══ Data records ══
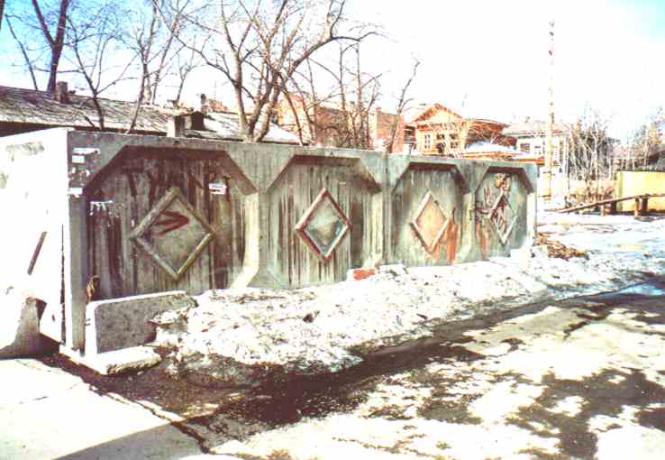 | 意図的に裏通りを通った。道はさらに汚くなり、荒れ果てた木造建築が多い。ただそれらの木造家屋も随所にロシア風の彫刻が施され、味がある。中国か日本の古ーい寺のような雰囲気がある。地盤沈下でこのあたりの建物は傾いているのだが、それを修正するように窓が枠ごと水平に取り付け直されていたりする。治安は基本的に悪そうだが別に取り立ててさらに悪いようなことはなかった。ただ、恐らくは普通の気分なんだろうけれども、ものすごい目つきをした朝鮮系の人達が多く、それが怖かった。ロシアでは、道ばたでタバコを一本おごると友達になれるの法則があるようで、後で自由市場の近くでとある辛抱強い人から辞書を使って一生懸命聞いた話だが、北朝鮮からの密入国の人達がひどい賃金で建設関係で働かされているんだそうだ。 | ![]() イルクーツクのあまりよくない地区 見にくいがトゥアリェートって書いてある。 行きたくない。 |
═══
══ Data records ══
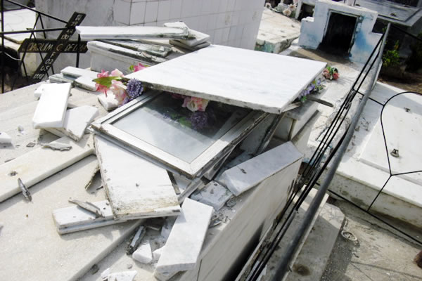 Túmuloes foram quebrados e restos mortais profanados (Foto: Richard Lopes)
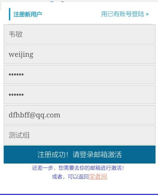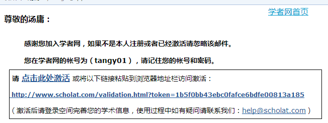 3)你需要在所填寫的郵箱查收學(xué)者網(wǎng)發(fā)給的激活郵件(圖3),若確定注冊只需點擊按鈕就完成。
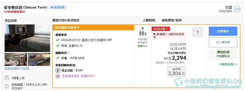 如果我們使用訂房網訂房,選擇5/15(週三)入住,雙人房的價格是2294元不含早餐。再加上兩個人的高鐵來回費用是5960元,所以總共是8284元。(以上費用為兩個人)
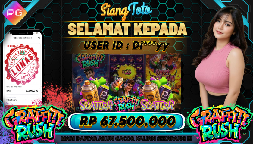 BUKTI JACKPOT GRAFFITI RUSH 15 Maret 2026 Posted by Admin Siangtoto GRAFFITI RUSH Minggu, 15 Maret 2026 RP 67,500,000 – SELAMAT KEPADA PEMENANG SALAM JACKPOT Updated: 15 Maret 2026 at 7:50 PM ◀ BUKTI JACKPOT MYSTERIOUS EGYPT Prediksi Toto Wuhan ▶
═══
══ Data records ══
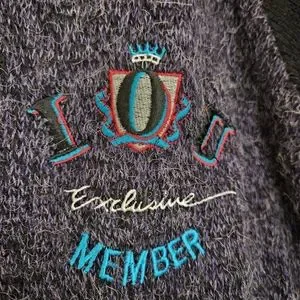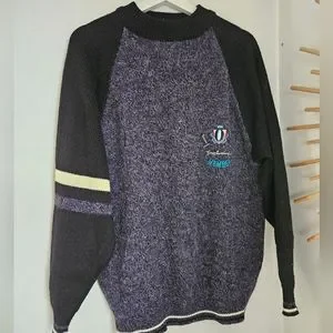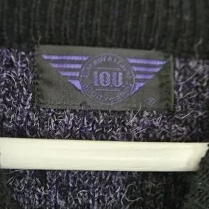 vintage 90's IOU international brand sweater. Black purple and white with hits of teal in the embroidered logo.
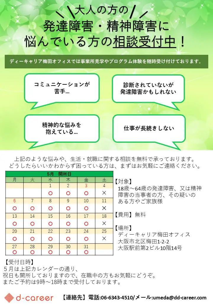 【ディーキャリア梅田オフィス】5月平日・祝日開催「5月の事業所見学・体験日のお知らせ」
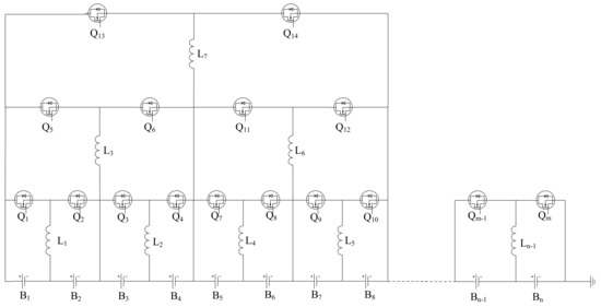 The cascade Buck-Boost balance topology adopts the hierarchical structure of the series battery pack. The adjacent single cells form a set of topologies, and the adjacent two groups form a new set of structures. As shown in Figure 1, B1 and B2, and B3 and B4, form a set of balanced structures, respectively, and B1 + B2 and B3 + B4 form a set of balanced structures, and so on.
═══
__Work instruction__: What is needed is an exact copy of the lines above from the one with "如果我們使用訂房網訂房,選擇" to the one with "BUKTI JACKPOT GRAFFITI", both ends kept, and nothing more; please leave the pictures out.

__Answer box__:
 如果我們使用訂房網訂房,選擇5/15(週三)入住,雙人房的價格是2294元不含早餐。再加上兩個人的高鐵來回費用是5960元,所以總共是8284元。(以上費用為兩個人)
 BUKTI JACKPOT GRAFFITI RUSH 15 Maret 2026 Posted by Admin Siangtoto GRAFFITI RUSH Minggu, 15 Maret 2026 RP 67,500,000 – SELAMAT KEPADA PEMENANG SALAM JACKPOT Updated: 15 Maret 2026 at 7:50 PM ◀ BUKTI JACKPOT MYSTERIOUS EGYPT Prediksi Toto Wuhan ▶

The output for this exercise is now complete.